- **Aim of the task**:
Skip the pictures. Retype exactly, and only, the lines between the line holding "苏州金鸡湖湖东现代滨水城市夜景风光" and the last line below, inclusive.

- **Dataset excerpt**:
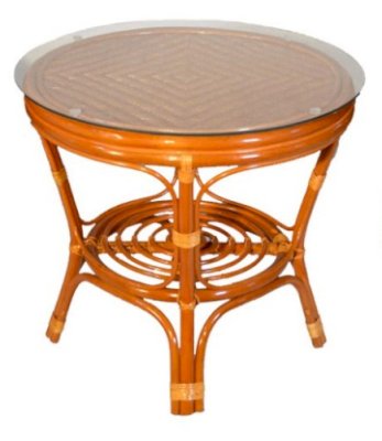 Комплект из натурального ротанга, состоящий из дивана, двух кресел и круглого столика со стеклом.
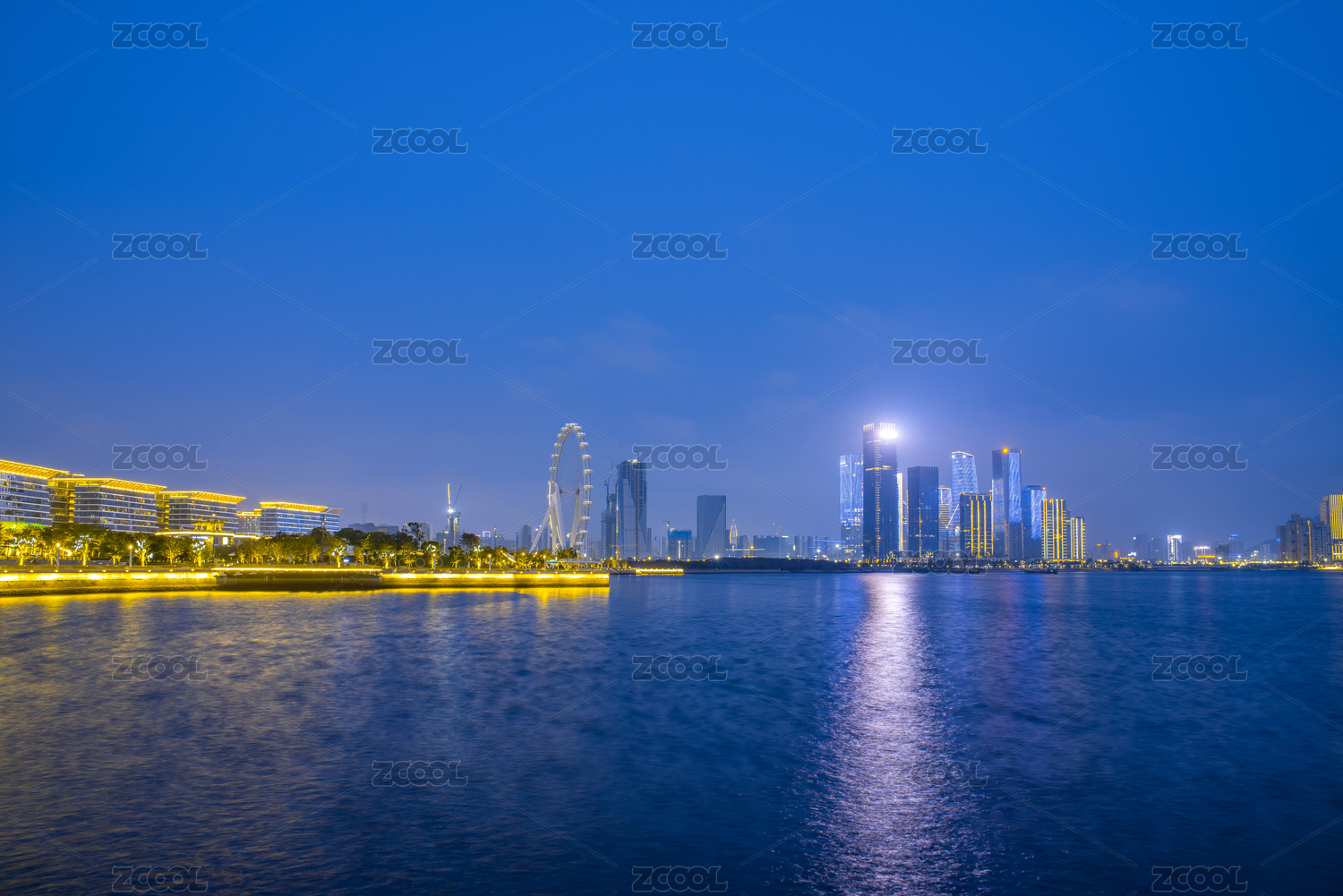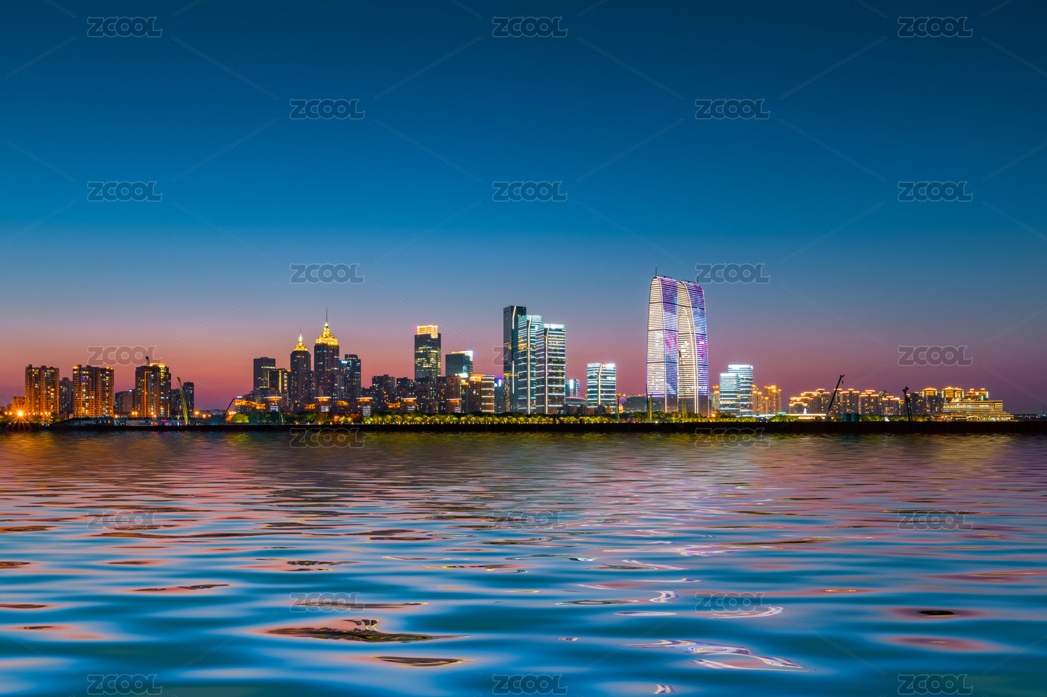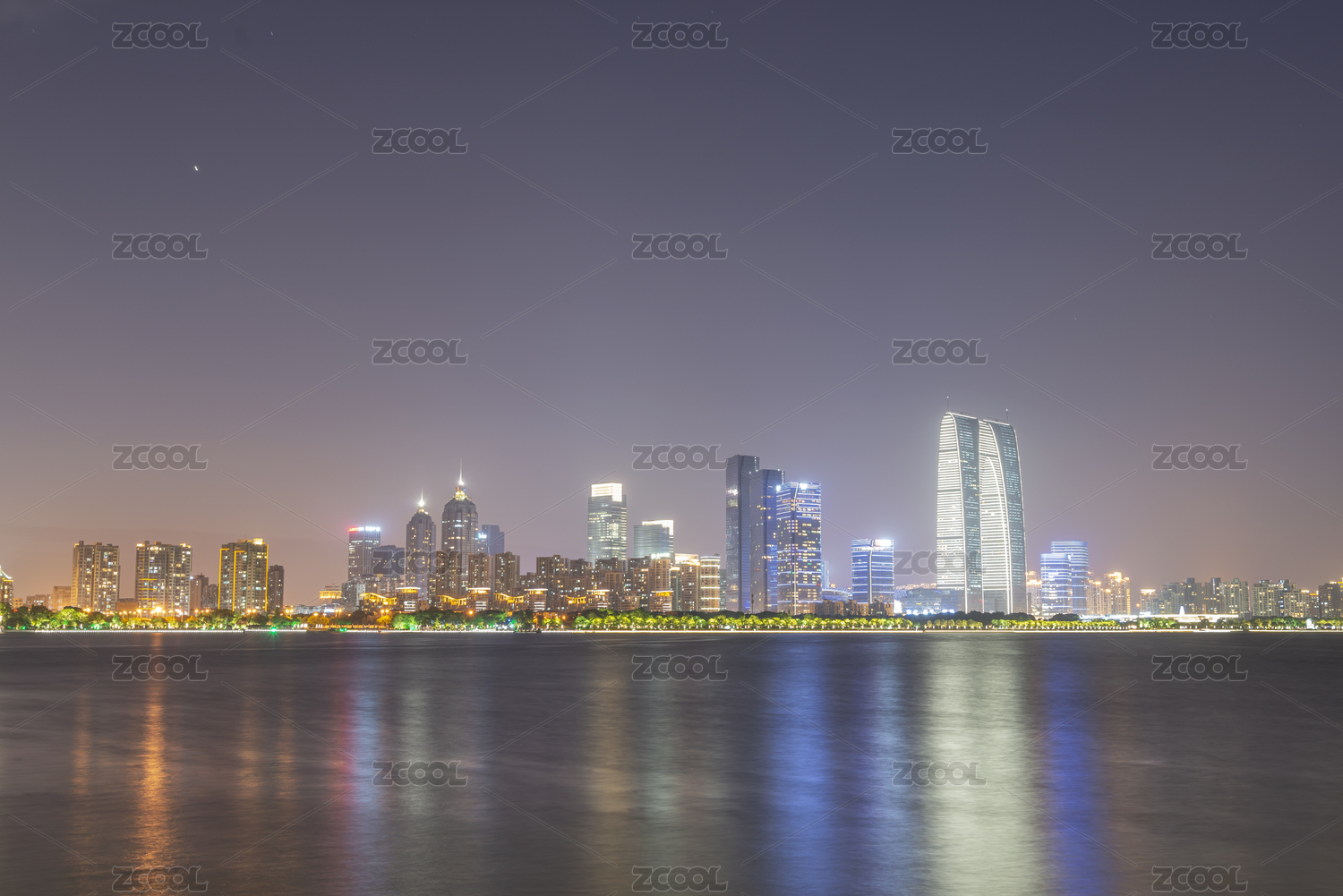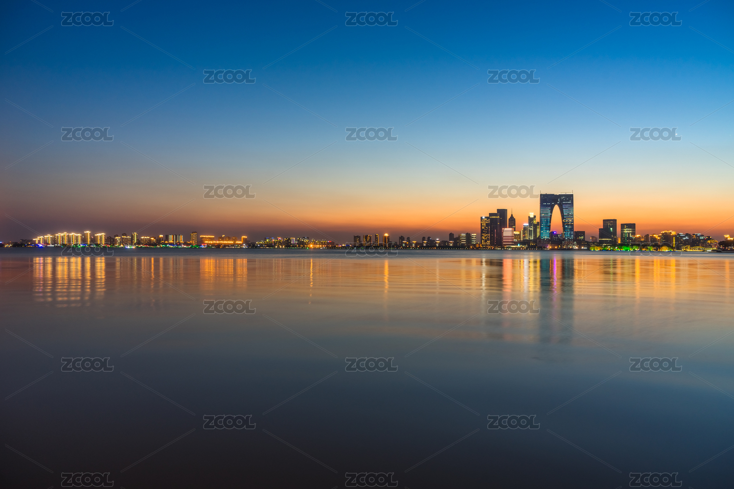 苏州金鸡湖湖东现代滨水城市夜景风光
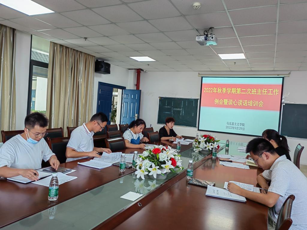 提升谈话技能,推进心理育人。2022年9月29日下午,德赢Vwin官方区域合作伙伴在文科楼1104室召开本学期第二次班主任工作会,专题开展谈心谈话培训。学院党委副书记马小佼、全体辅导员及班主任参会。
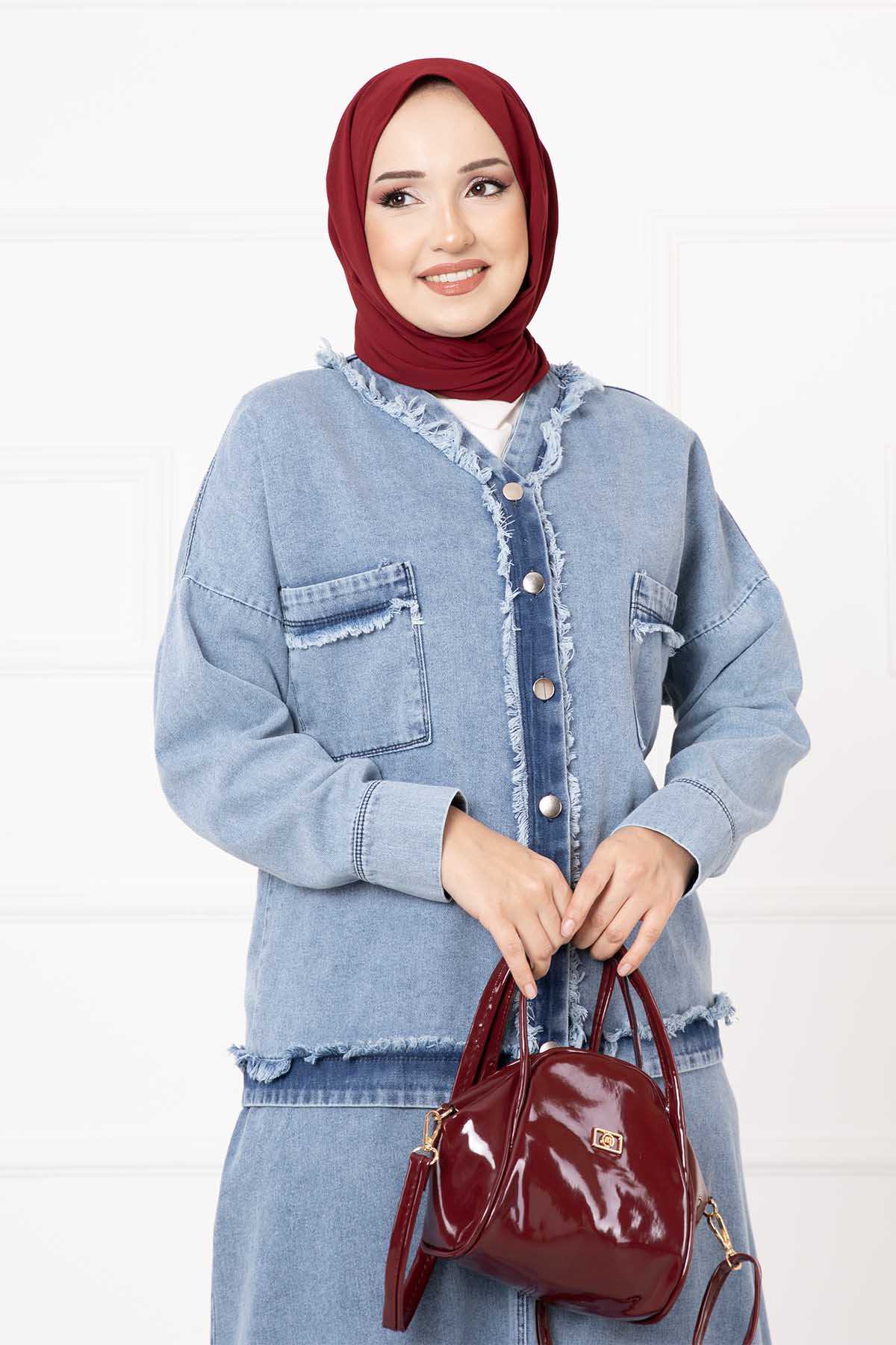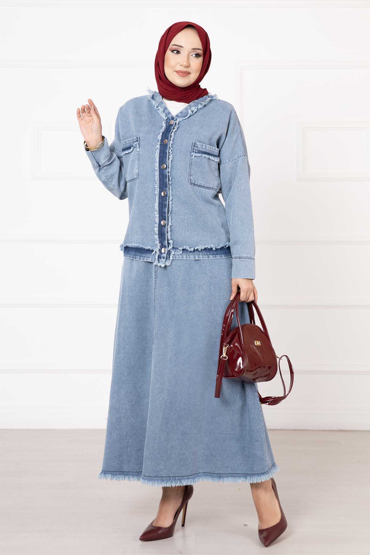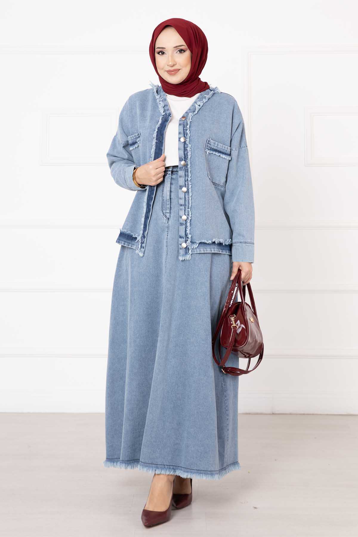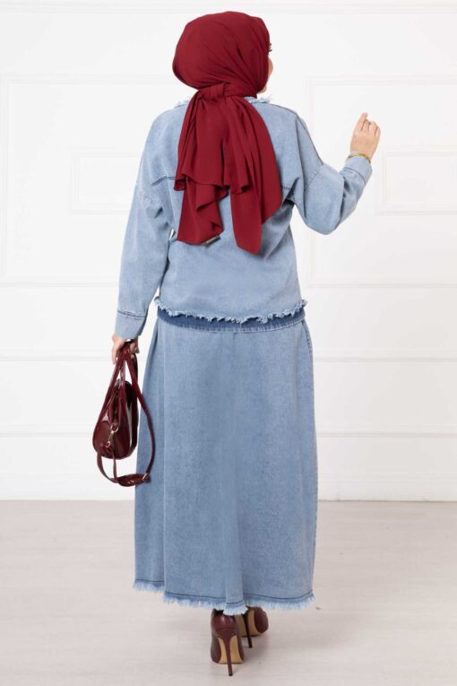 المنتج موسمي. المنتج يتكون من قطعتين: سترة وتنورة. السترة لها أزرار أمامية وجيوب. التنورة مزودة بأزرار وسحّاب الطول: تونيك 60 سم التنورة: 100 سم قد يكون هناك مرونة في الطول من 1 إلى 3 سم ميزة القماش: مصنوع من قماش الدنيم. نظرًا لأن المنتج عبارة عن قالب كامل، يوصى بطلب المقاس الذي تستخدمه عادةً. قياسات الموديل: المقاس 38 / الارتفاع 1.66 سم / الورك 90 سم / الخصر 77 سم / الصدر 90 سم قد يكون هناك اختلاف في لون المنتج بسبب التصوير. الشال المستخدم في هذا المنتج

- **Your solution**:
 苏州金鸡湖湖东现代滨水城市夜景风光
 提升谈话技能,推进心理育人。2022年9月29日下午,德赢Vwin官方区域合作伙伴在文科楼1104室召开本学期第二次班主任工作会,专题开展谈心谈话培训。学院党委副书记马小佼、全体辅导员及班主任参会。
 المنتج موسمي. المنتج يتكون من قطعتين: سترة وتنورة. السترة لها أزرار أمامية وجيوب. التنورة مزودة بأزرار وسحّاب الطول: تونيك 60 سم التنورة: 100 سم قد يكون هناك مرونة في الطول من 1 إلى 3 سم ميزة القماش: مصنوع من قماش الدنيم. نظرًا لأن المنتج عبارة عن قالب كامل، يوصى بطلب المقاس الذي تستخدمه عادةً. قياسات الموديل: المقاس 38 / الارتفاع 1.66 سم / الورك 90 سم / الخصر 77 سم / الصدر 90 سم قد يكون هناك اختلاف في لون المنتج بسبب التصوير. الشال المستخدم في هذا المنتج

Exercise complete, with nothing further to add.